I have chosen the beagleboard as a platform on which to base a part of
my final year electrical engineering project. What I basically have
to do is provide feedback to a musician about the current tuning of
their timpani (tuned drum). The front end data collection side is not
a concern and is already completed. Basically what i have to work
with is a line level (500mV pk-pk) signal on a bandwidth of 50-1kHz.
As such, my plan was to read this analog signal via the beagle boards
audio line in, and perform basic FFT spectral analysis on it.

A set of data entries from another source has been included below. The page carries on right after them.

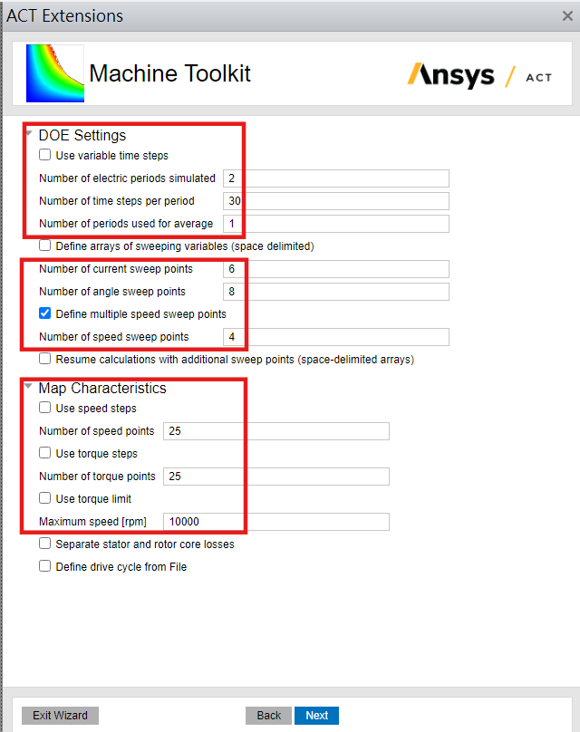 • DOE參數: 設定電流、電流角、轉速的掃點數量 (或勾選 Define array以空格間隔輸入個別參數)
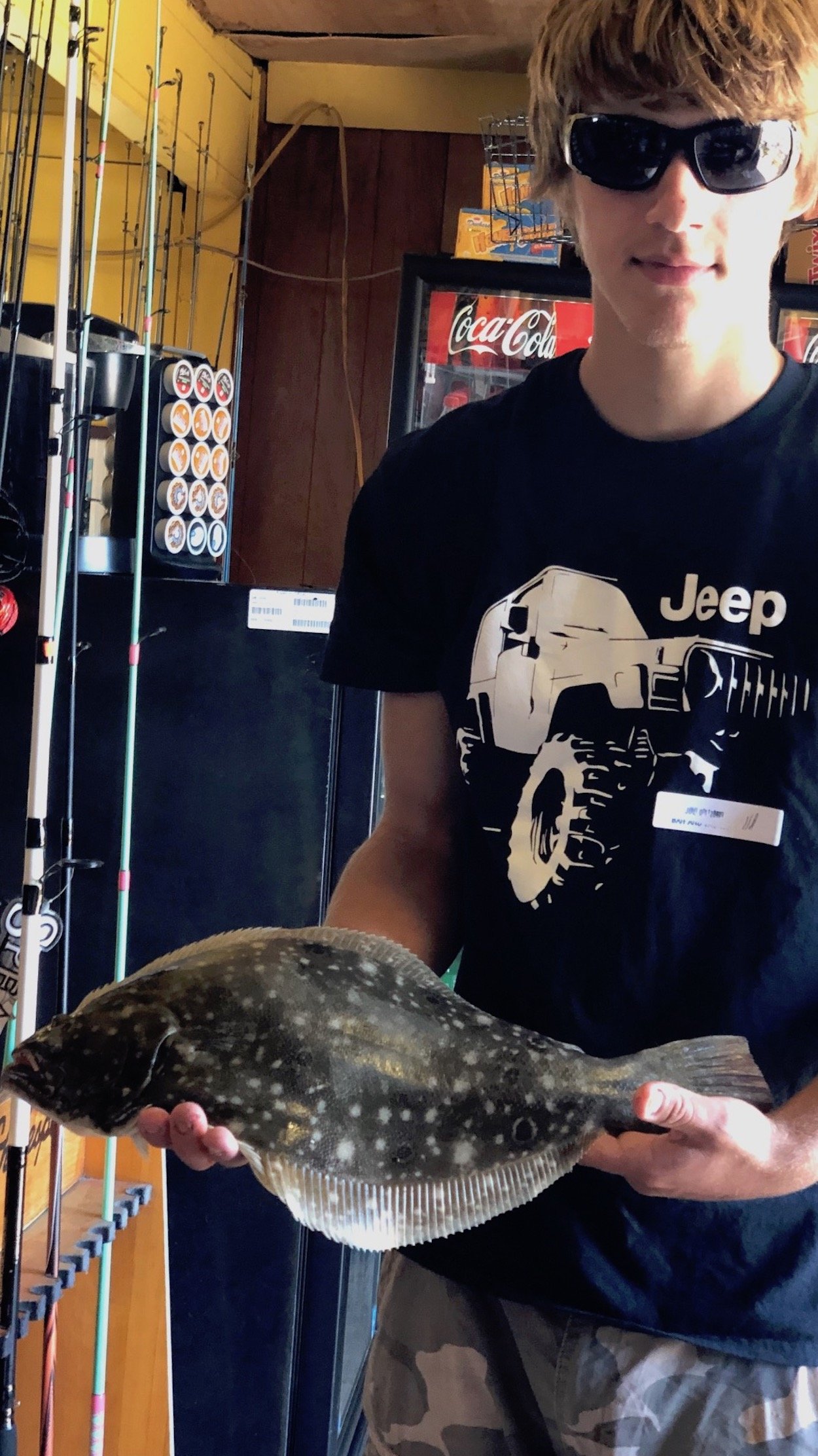 Bear down at the Oceanic Pier sent in this photo of Aaron who used a white Gulp to land this 20″, 4 pound flounder.
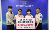 광산구 클릭뉴스2025. 04.29[클릭뉴스]전북특별자치도소방본부는 29일 도청 3층 소방본부장실에서 ㈜휴비스 전주공장의 정읍 금동마을 산불 피해 복구 성금 500만 원 기탁식을 진행했다. 이번 성금은 지난 3월 25일 금동마을에서 발생한 대형 산불로 삶의 터전을 잃은 주민들의 빠른 일상 회복을 지원하기 위해 마련됐으며, 사회복지공동모금회를 통해 전달될 예정이다. 기탁식에는 ㈜휴비스 전주공장 김준호 안전팀장과 김선호 안전파트장, 이오숙 본부장을 비롯해 권기현 119대응과장, 조정훈 화재조사팀장이 참석해 뜻을 함께했다. ㈜휴비스 전주공장은 이번 성금을 통해 피해…
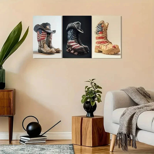3pcs Patriotic American Flag Metal Print Ready to Hang Art
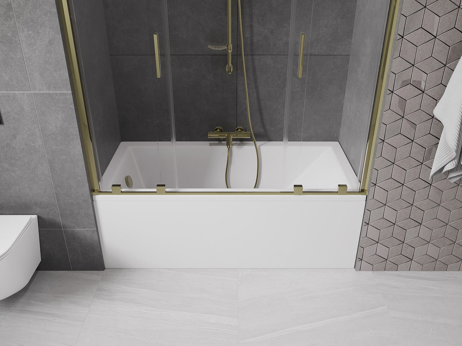 Mexen Velar Duo vonios sienelė 2 dalių stumdomas 140 x 150 cm, skaidrus, auksinis - 896-140-000-02-50
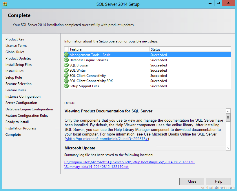 Ve SQL Server 2014 kurulumu yukarıdaki gibi tamamlanır.
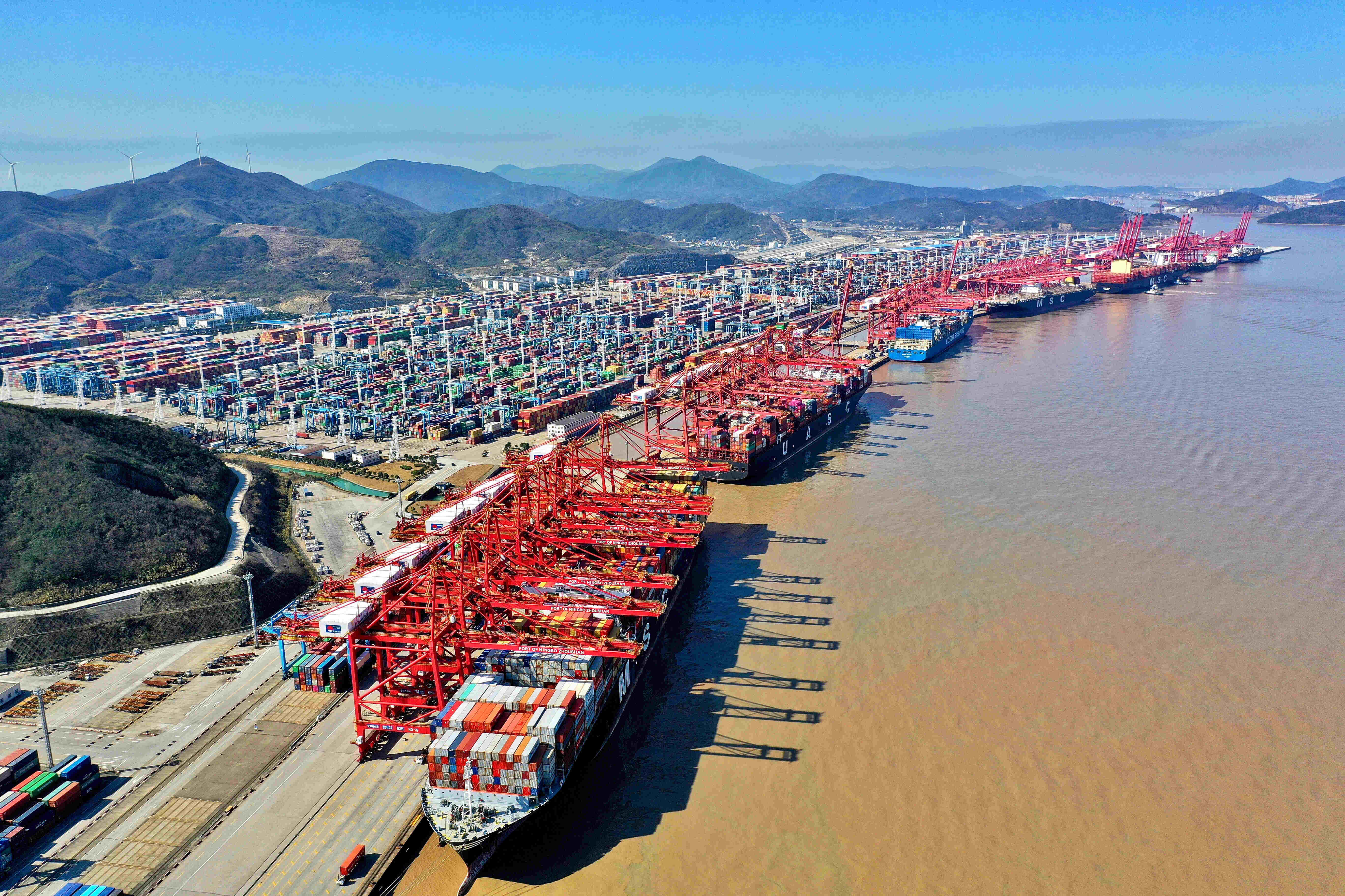 随着一系列短期制约因素的消除,宁波舟山港再现一派繁忙景象。在全球第三个“千万级”单体集装箱码头——穿山港区,吊机林立,集卡穿梭。截至3月6日,共有1593家集卡企业复工,复工率达96%;港区空箱提空量加快,连续11天所提空箱保持在1.3万标箱以上。

From
this I need to return to the user a note (Via frequency map),
corresponding to the highest peak seen in the spectrum, I was planning
on returning this via LED's and 7-seg diaplays run from the GPIO pins,
but time permitting wouldn't mind experimenting with a graphical
interface out of the VGA output.
Alongside this, I need to output audio from the Audio output port that
is a line level signal sweep from 90-500Hz, sweeping through its
bandwidth linearly with a period of about 1 second.
I have got a system more or less working as I want using matlab and
real time audio port management, but I now need to make the move onto
a freestanding system.
Everything I have read about writing code for the board is seeming to
confuse the hell out of me, and as such I desperately need some help
getting a better understanding of the board, and how to write software
for it that uses the on board resources.
I'm hoping the main reason I'm finding things confusing is because of
my limited exposure to Linux platforms. Any and all advice will be
much appreciated, as it seems all of my lecturers are complete idiots
and unable to understand hardware that is newer than 1989.